## Material provided
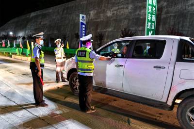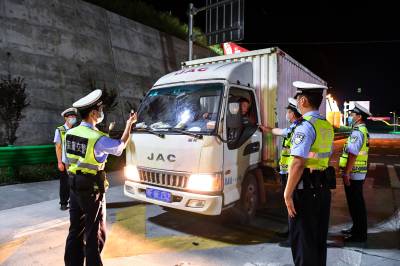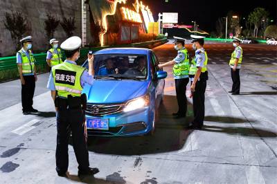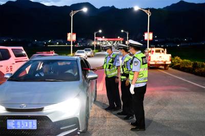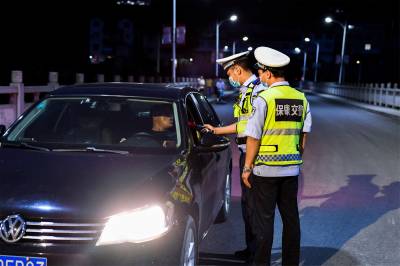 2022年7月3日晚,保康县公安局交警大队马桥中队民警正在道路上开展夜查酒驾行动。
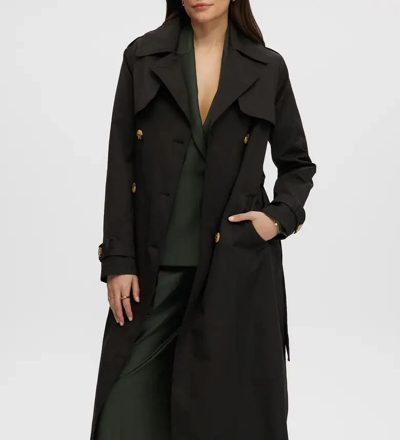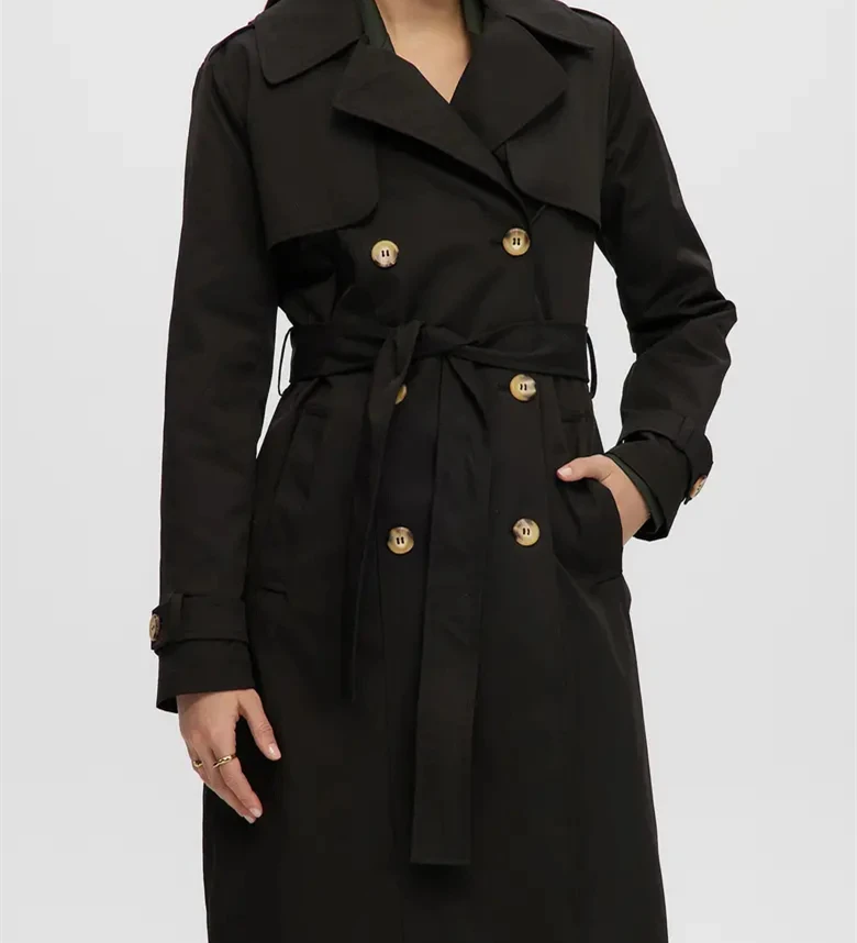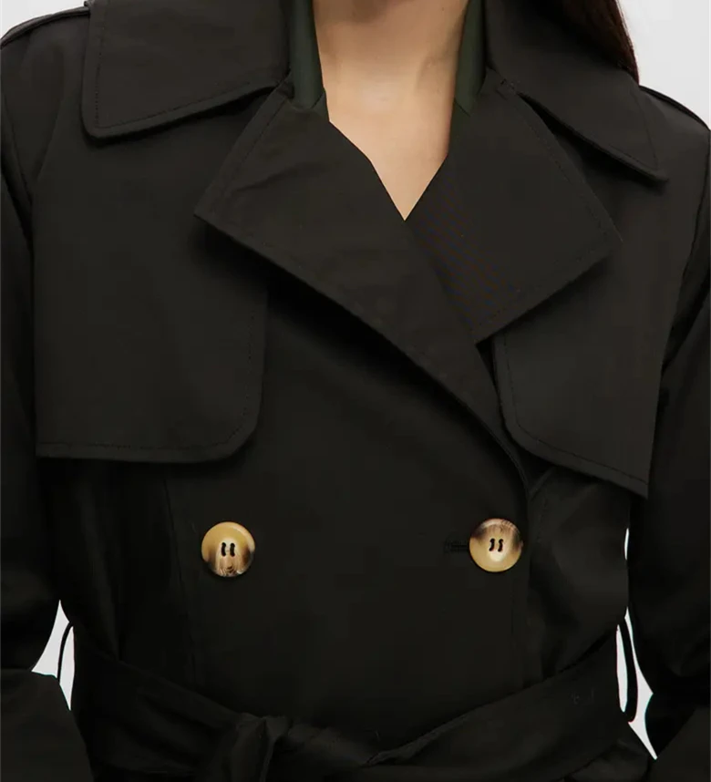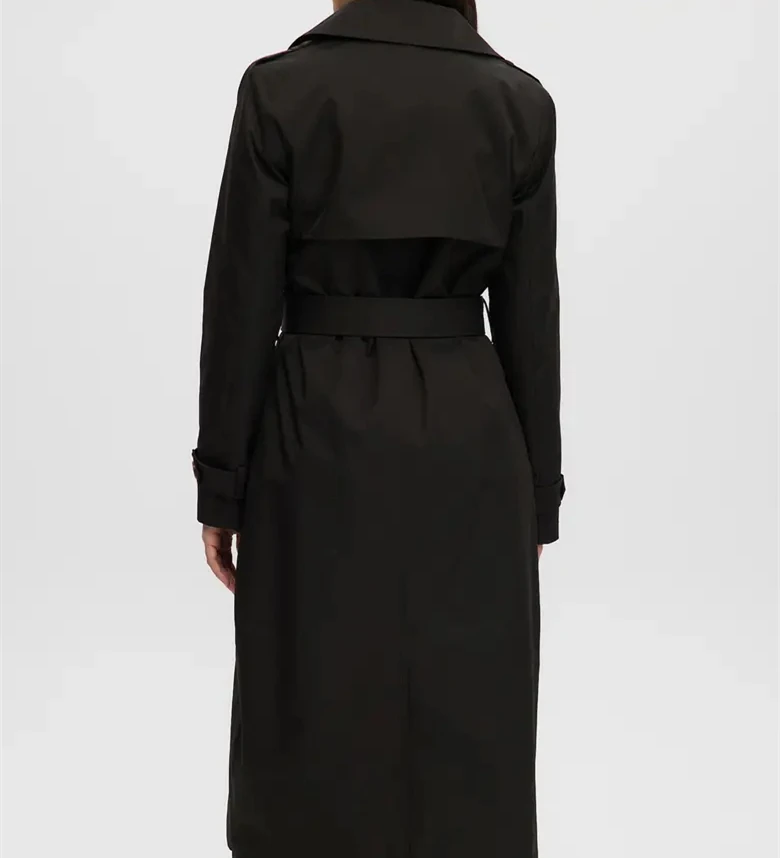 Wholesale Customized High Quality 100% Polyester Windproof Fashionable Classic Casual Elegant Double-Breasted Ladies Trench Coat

==

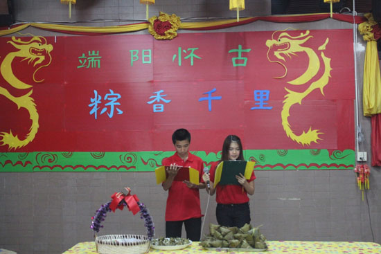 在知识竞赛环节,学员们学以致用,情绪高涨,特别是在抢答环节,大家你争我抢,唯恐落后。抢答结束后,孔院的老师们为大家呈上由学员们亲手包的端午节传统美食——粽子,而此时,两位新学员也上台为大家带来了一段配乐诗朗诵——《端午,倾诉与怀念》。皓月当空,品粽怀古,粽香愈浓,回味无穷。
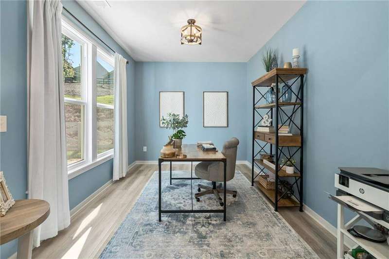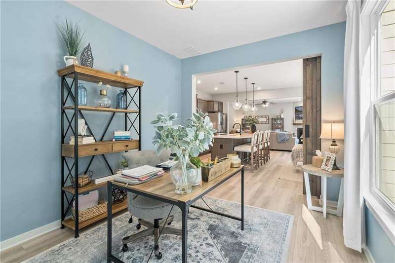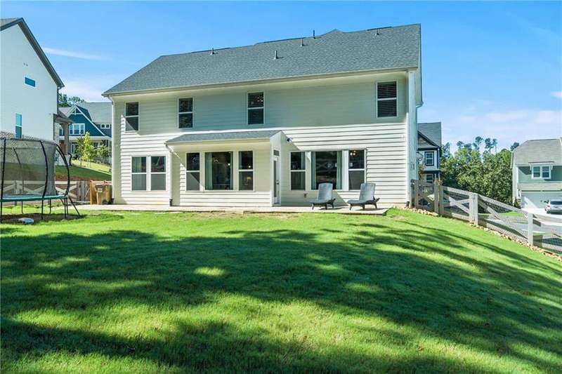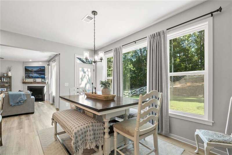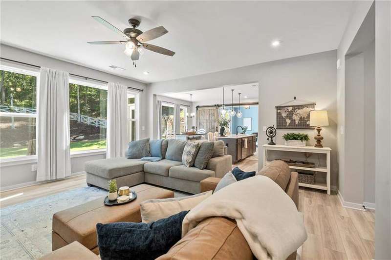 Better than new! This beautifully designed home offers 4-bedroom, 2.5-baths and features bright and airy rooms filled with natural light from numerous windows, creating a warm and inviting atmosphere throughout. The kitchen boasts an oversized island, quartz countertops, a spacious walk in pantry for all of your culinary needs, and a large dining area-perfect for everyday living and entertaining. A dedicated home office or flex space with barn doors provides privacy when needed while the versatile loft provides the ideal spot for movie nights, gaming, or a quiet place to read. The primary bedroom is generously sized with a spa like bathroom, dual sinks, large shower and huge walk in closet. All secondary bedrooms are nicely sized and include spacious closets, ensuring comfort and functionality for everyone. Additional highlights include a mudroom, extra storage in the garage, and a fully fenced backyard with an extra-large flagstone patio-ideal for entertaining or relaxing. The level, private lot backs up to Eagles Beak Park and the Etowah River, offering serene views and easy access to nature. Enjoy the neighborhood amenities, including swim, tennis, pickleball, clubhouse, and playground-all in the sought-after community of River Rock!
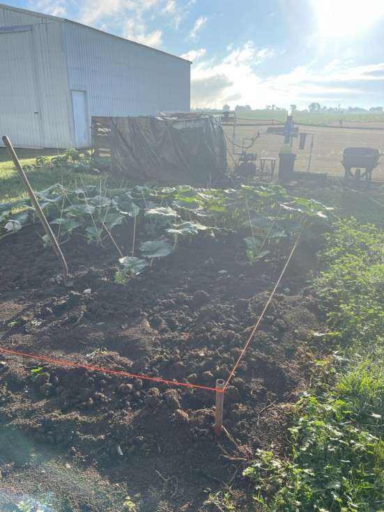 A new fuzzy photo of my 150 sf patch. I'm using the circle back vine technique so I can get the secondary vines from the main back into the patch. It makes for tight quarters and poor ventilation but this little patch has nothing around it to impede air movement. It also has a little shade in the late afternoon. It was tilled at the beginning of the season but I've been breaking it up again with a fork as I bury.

* * *

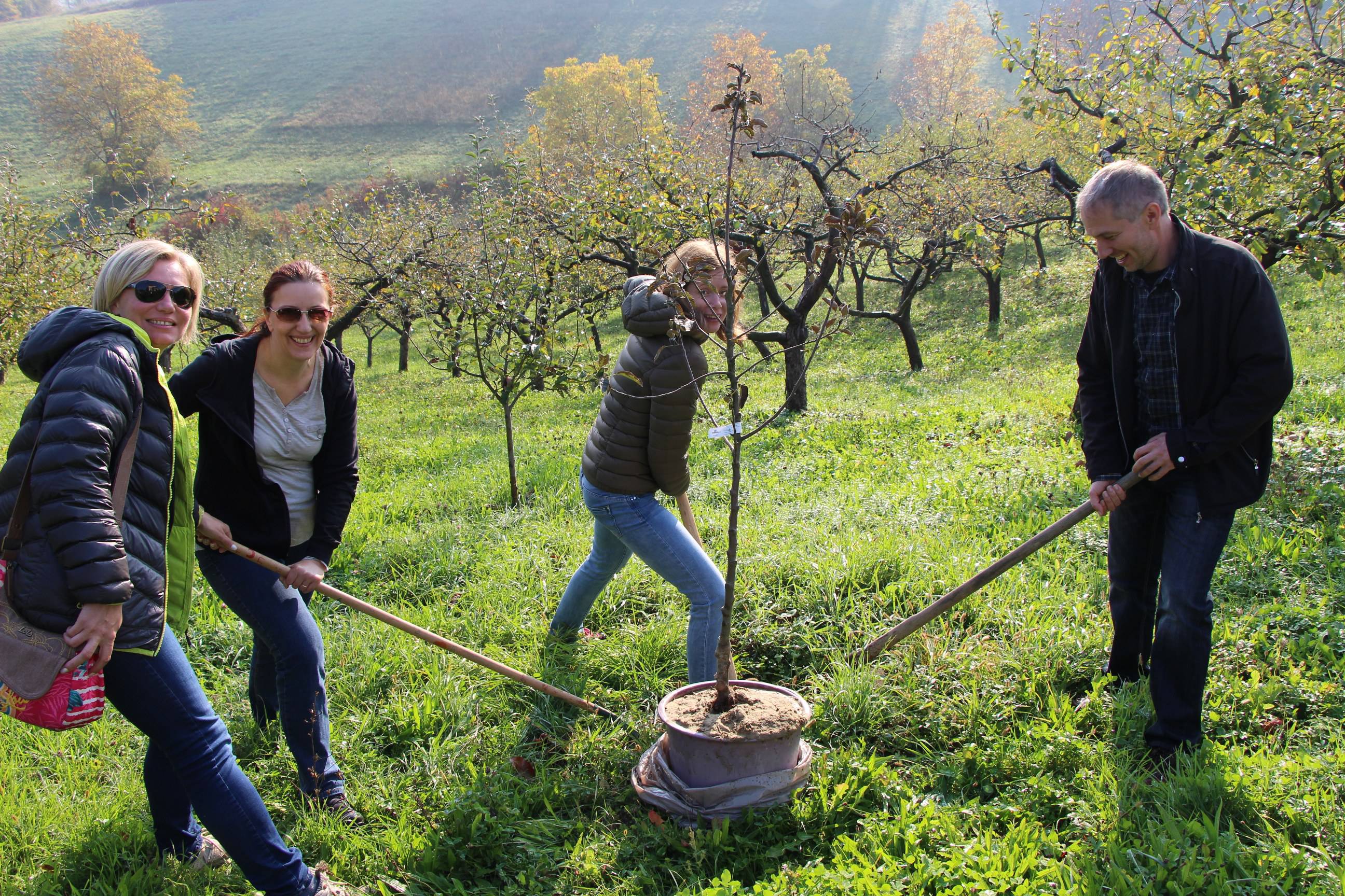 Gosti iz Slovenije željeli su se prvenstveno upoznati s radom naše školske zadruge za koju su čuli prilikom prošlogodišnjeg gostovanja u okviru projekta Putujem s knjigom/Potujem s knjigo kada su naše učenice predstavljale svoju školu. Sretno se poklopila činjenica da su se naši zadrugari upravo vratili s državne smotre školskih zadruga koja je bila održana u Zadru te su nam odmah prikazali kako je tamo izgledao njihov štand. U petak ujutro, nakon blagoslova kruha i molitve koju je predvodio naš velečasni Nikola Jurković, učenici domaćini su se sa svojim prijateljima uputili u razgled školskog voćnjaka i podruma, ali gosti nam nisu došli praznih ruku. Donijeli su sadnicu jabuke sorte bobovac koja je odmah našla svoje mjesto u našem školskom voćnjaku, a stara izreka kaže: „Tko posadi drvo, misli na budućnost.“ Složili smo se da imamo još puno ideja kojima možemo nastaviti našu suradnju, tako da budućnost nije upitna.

## Exercise
From the records above, copy exactly the lines starting at the one with "2022年7月3日晚,保康县" and ending at the one with "Wholesale Customized High", and no others. Pictures stay out.

## Completed task
 2022年7月3日晚,保康县公安局交警大队马桥中队民警正在道路上开展夜查酒驾行动。
 Wholesale Customized High Quality 100% Polyester Windproof Fashionable Classic Casual Elegant Double-Breasted Ladies Trench Coat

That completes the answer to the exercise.